One important edge case occurs when there is only a single element in the data structure. A buggy implementation might incorrectly attempt to average two values or access an empty heap. This solution handles the case naturally because the max heap contains one element while the min heap remains empty, so the median is simply the top of the max heap.

Another important case involves duplicate values. Some balancing strategies accidentally rely on strict inequalities and can misplace equal values between heaps. This implementation avoids that issue because it only enforces that all elements in the lower half are less than or equal to those in the upper half. Equal values work correctly without special handling.
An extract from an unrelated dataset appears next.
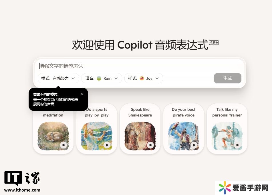 本站 9 月 11 日消息,微软为其 Copilot 工具新增了一个“Copilot 音频表达式”功能,该功能基于微软自研的 MAI-Voice-1 模型,目前用户可从三种不同的语音模式中进行选择。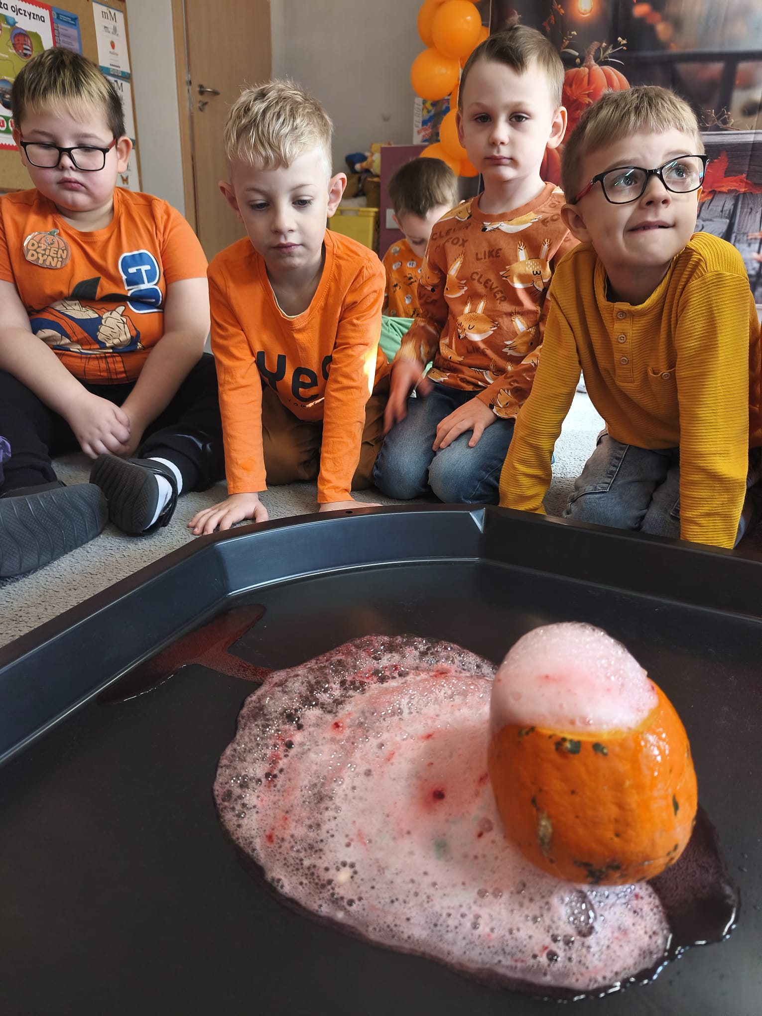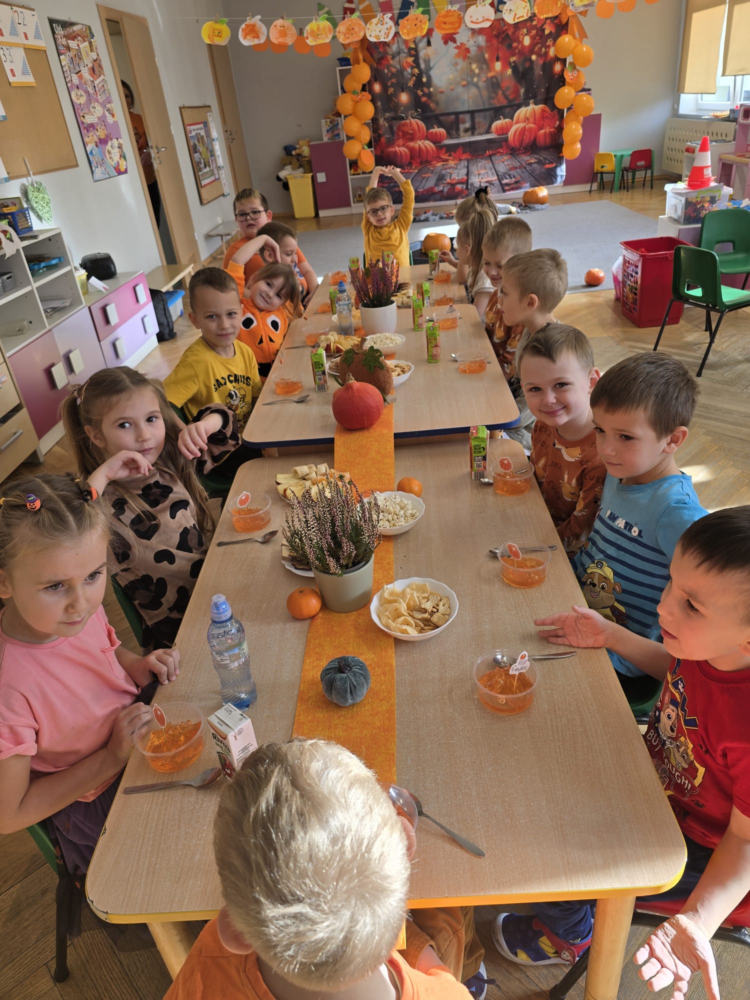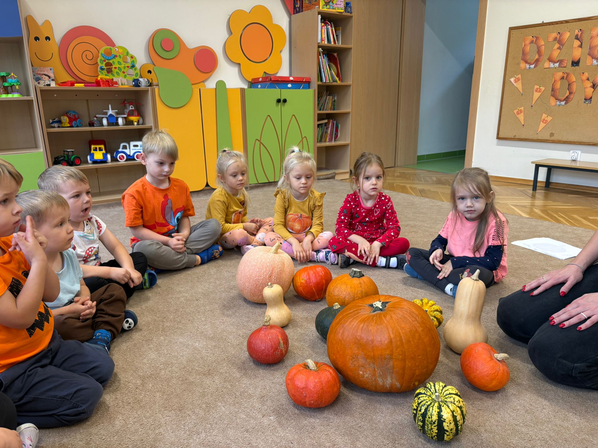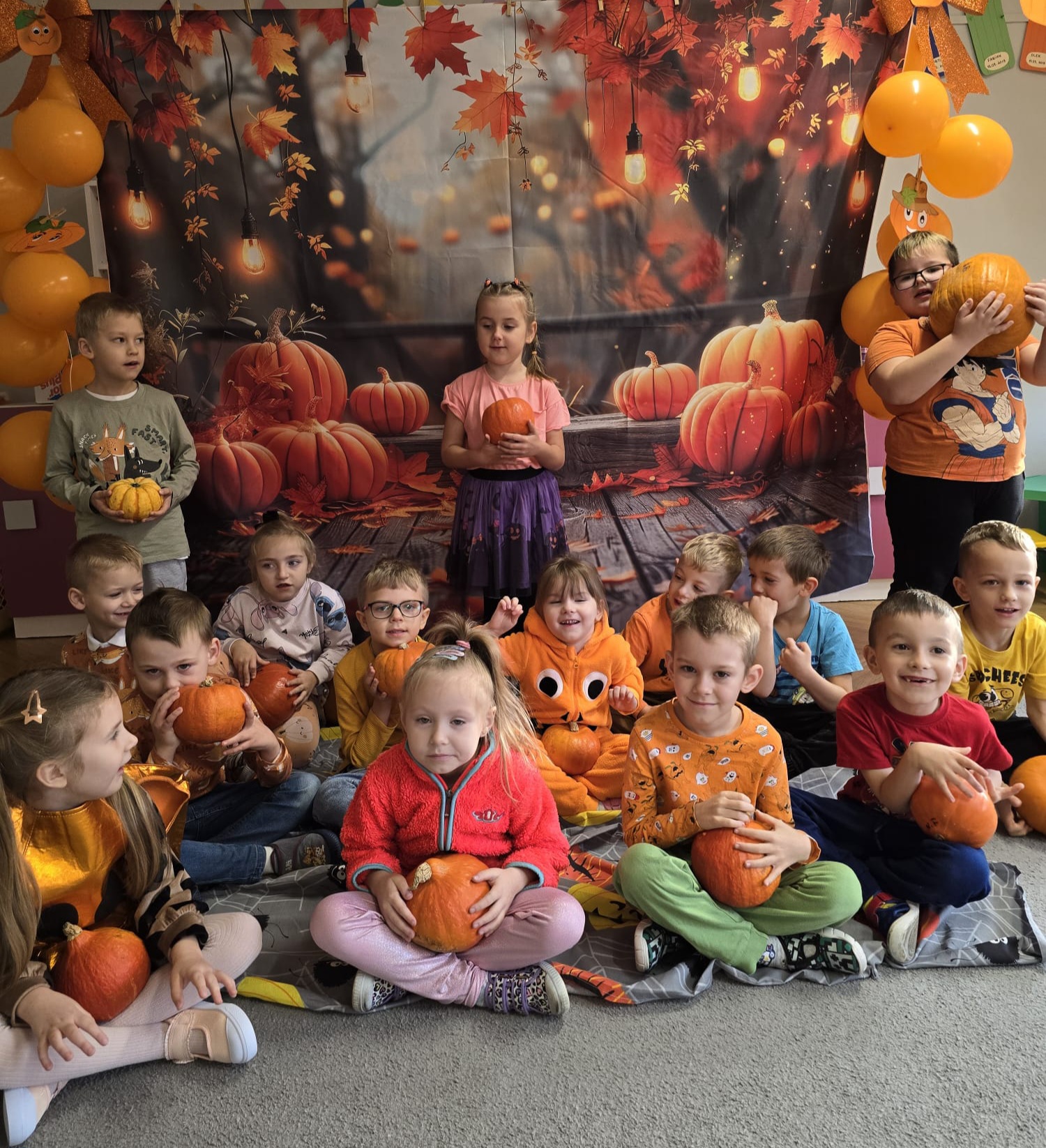 W naszym przedszkolu obchodziliśmy wesołe i pomarańczowe święto - Dzień Dyni. Dzieci przyszły ubrane w stroje w odcieniach pomarańczy, a w sali pojawiły się dyniowe dekoracje. Podczas zajęć przedszkolaki poznały różne gatunki dyni, dowiedziały się, w jaki sposób rośnie i jakie ma zastosowanie w kuchni, oraz w dekoracjach jesiennych.

A third critical edge case is alternating large and small numbers, such as 1000, -1000, 999, -999. Poor implementations can become unbalanced or violate heap ordering when values fluctuate dramatically. The rebalance step guarantees that heap sizes remain valid after every insertion, while the transfer between heaps preserves ordering correctness.

A final edge case involves even-sized collections where the median is fractional. Integer division bugs are common in languages like Go and Java. Both implementations explicitly return floating-point results, ensuring correct values such as 1.5 instead of truncated integers like 1.